Respecting some degree of variation among regions, this indicates that the region’s population “spends between $9-15 billion each year on food” while overwhelmingly consuming foodstuffs produced out of state. As Erin describes it, “That’s a big missed opportunity: billions of dollars of leaked economic activity [that could be rerouted] to businesses and farmers in the region, [which would] allow smaller, rural communities greater access into the massive food spending that happens in our cities.” Here, we see not only economic benefit, but a mechanism for societal change through renewed rural and urban connections and environmentally sustainable patterns of consumption. With these potential benefits catalogued, Project 40 moved towards the operative question: how do we do it?

In the summer of 2018, Project 40 emerged as a collective of like-minded stakeholders (e.g., local/regional governments, food industry reps, farmers, WCCE) and nonprofits (e.g., GRRO, Working Landscapes). Together, they identified possible partnerships, avenues for development, and holistic steps that could be taken to develop a more densely connected and resilient food system in NC. They assert that in order to reach the 40% by 2040 goal, the state would need an incremental, whole-system strategy to support different scales of agriculture (e.g., industrial to mid/small scale farms, community/backyard gardens) while developing sustainable practices for waste management (e.g., composting, processing) and facilitating both distribution and storage logistics. All the while recognizing that different parts of the region will operate under different constraints, for which unique action plans must be designed. 

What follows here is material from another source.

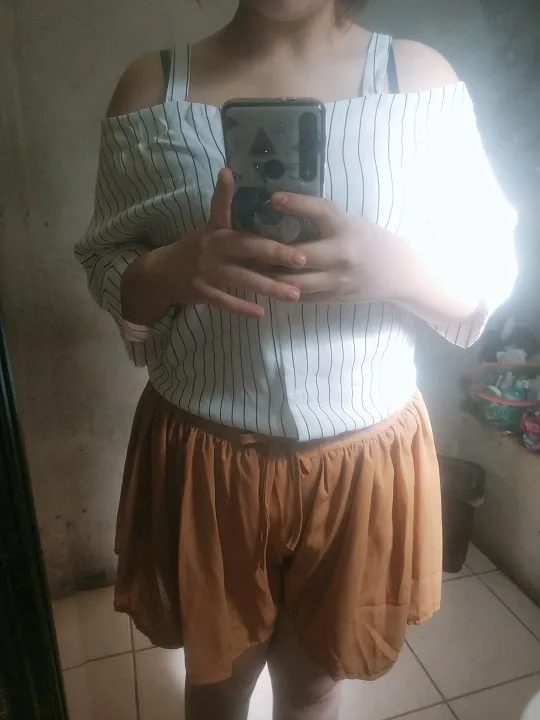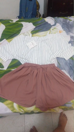 Очень хороший комплект! Смотрится хорошо, ткань приятная, удобен в носке. Немного просвечивает нижнее белье, но не критично. На параметры 155-55 брала S. Шорты сели идеально (возможно тем, кто повыше, будут коротковаты), блузка чуть-чуть большевата.

After a year and a half, the collective made inroads with Kerr-Tar, Triangle, and Upper Coastal Plains Councils of Governments—and then COVID happened. For local governments, the prospects of a more closed-loop, resilient food system took a backseat to the prevailing medical crisis and economic fallout that ensued. Community Food Lab’s activities were scaled down and its members were forced to take up additional obligations. And so the work of Project 40 stalled. In the space of this hiatus, Erin has had the opportunity to reflect on the goals of the project and its future. He still has faith in the idea and strategies to implement it, but he has better come to understand what his role in its future should be.

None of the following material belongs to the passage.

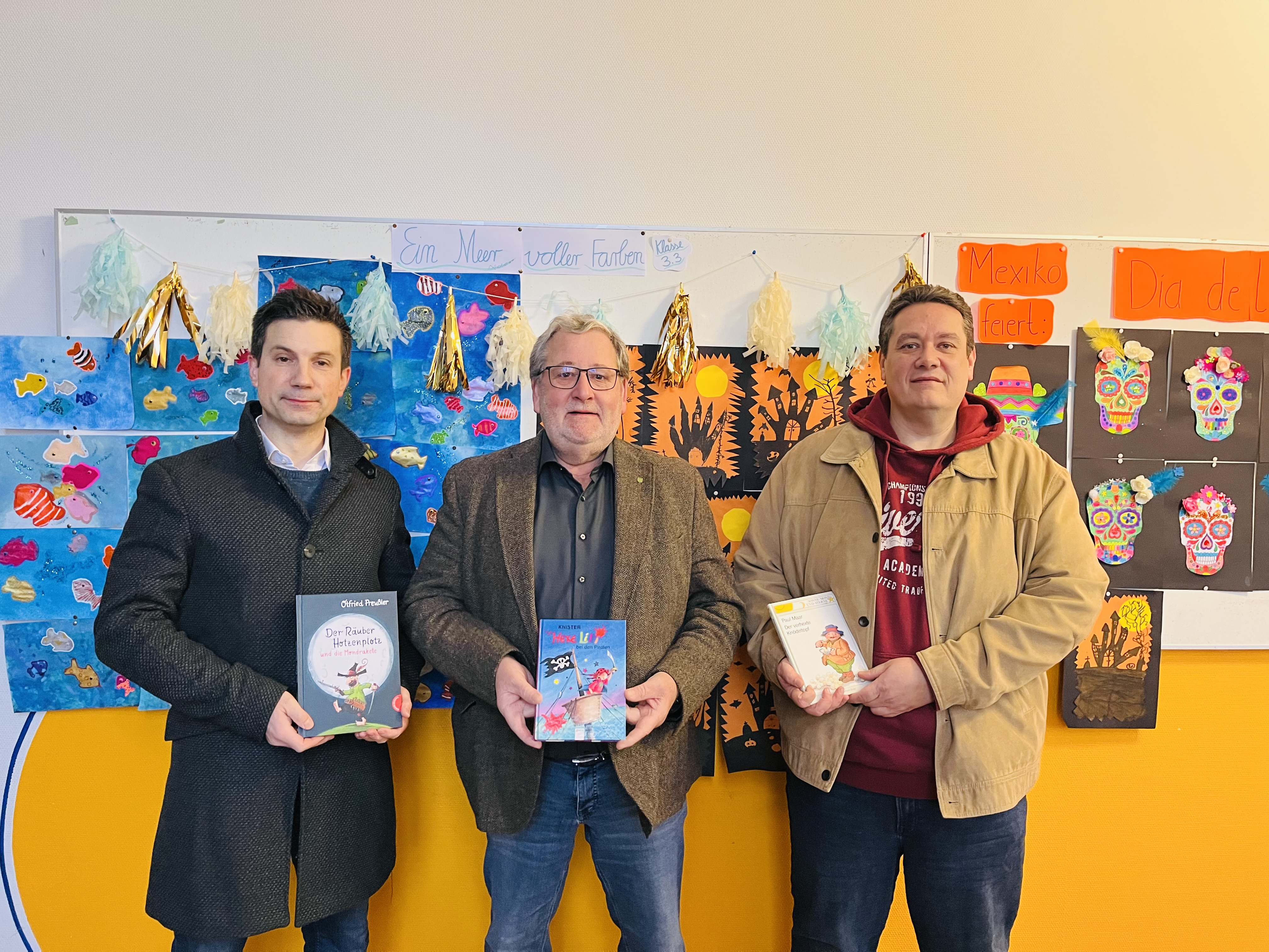 Der Bürgermeister war nicht allein zum Vorlesen da: Auch die Vertreter des Fördervereins der Grundschule Luitpold, Dominic Ruffing (l.) und Andreas Wagner (r.), begleiteten die Aktion.

Community Food Lab applies design-based, ecologically minded reasoning to the development of sustainable, profitable food systems. As an organization, they are not built to administer the sort of large scale coordination that the goal of Project 40 would require. Rather, their strengths rest in their analytic and creative capacities to design food systems that are well suited to a given region’s environment and economy. Project 40 can be thought of as an idea that exceeds its creator’s grasp. But this does not mean that the idea is dead. Erin is hopeful that “what we learn from COVID will lead to structural changes… where regional, economic relationships [become] the new default” and he is actively seeking out collaborators who can help amplify, and realize the ideals of Project 40.